You can’t see the truth from the outside, that’s what I’ve worked out.

Ten-year-old Zac has never met his dad, who allegedly did a runner before he was born. But when his mum lets slip that he’s the only man she’s ever loved, Zac turns detective and, roping in his best friend, hatches a plan to find his father and give his mum the happy-ever-after she deserves. What he doesn’t realize, though, is that sometimes people have good reasons for disappearing . . .

Little Big Man is a story about family secrets and fierce, familial love. It’s about growing up and being accepted; grief and lies, and the damage they can do. Most of all though, it’s about a little boy determined to hunt down the truth; a boy who wants to give the Dad he’s never met a second chance to be a father – and his mum a second chance at love.

What does TWG think?

This review is going to be a personal one and, whilst I would usually apologise for that, this time I won’t because it relates so much to the story.

Have you ever wondered what life would be like if people told the truth?
Have you ever wondered what life would be like if, growing up in a single parent family, you instead grew up in a two parent family?

I have. All Zac has ever known is life with his mum, Grandad and Grandma. With his uncle and dad no longer on the scene, Zac can’t really miss what he hasn’t had. Or can he? With Zac at the age where inquisitiveness takes over from logic, all that little boy wants to do is make his mum happy again by trying to reunite his mum with a dad he’s been told that he has never met. What actually happened all those years ago? Where did Zac’s dad go and why will no-one tell him the truth?

I was three years old when my mum walked away from my dad, taking my brother and I with her, growing up with family members who refused to talk about my father and allowing me to believe that I was better off without him. Maybe I was, maybe I wasn’t – I wish I was given the chance to make that decision for myself instead of being fed pieces of information which later turned out to be a bunch of codswallop. I never got to find that out as, due to the lies I was told, I ended up hating my father and the time we spent together over the years was few and far between, with the last ever time I saw him being 2006 when I was 16. I couldn’t tell my family that I wanted to get to know my dad and spend time with him, because every time I did, hatred flew out of their mouths and I only had one side of the story.

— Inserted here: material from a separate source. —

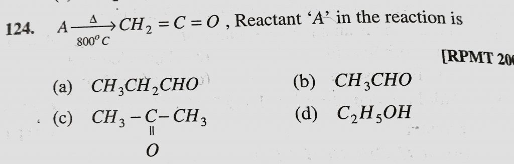 A to CH2 = C = O, Reagent ‘A’ in the reaction is (a) CH3CH2CHO (b) CH3CHO (c) (d) C2H5OH A to CH2 = C = O Reagent 'A' in the reaction is (a) CH3CH2CHO (b) CH3CHO (c) (d) C2H5OH February 12, 2021 Category: Uncategorised (JEE Advanced Physics by BM Sharma + GMP Solutions) , Facebook Messenger WhatsApp Share this:TwitterFacebook Related
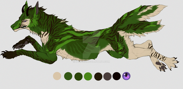 That is really an interesting concept! Makes you a little afraid to get crossed up with that tail.....I like the leaflike markings on its back, and those sharp ears--and that little horn is cool!

Unfortunately, I will spend the rest of my life wondering about the truth, wondering if my dad and I would ever have that ‘father daughter relationship’ I see so many others having, as 2 years ago my dad killed himself.

I related to Zac emotionally, keeping everything crossed that he will get the ending in life he so badly craves. I could see that his mum was doing the best that she could, but my heart broke into a thousand pieces when it came to light that Zac was suffering at the hands of some vile people. All I wanted to do was hold Zac and keep him safe from all the harm in his life, he deserved that. He deserved to be happy, but most importantly, he deserved the truth. Did his family really think so little of him if they weren’t prepared to tell him the truth?

Every family has secrets. Every family tells lies. Every family attempts to keep their loved ones safe from harm, even if it means doing the wrong thing. For a ten year old boy, Zac has such a wise head on young shoulders, taking the cards he had been dealt into his own hands to try to find out what happened, even if it meant upsetting the people who had been there for him his entire life.

‘Little Big Man’ is a gem just waiting to be discovered. A Pandora’s box of guilt, shame, secrets and lies, wrapped up in love, second chances, truths and strength. This is a book which just kept on giving, breaking my heart one moment, whilst sticking it back together with love the next. A story which brought my own hardship to light, yet allowing me to resonate with the main character on such a deep and memorable level. A story which highlighted the emotional sides to families and friendships, yet brought home the true values of those as well.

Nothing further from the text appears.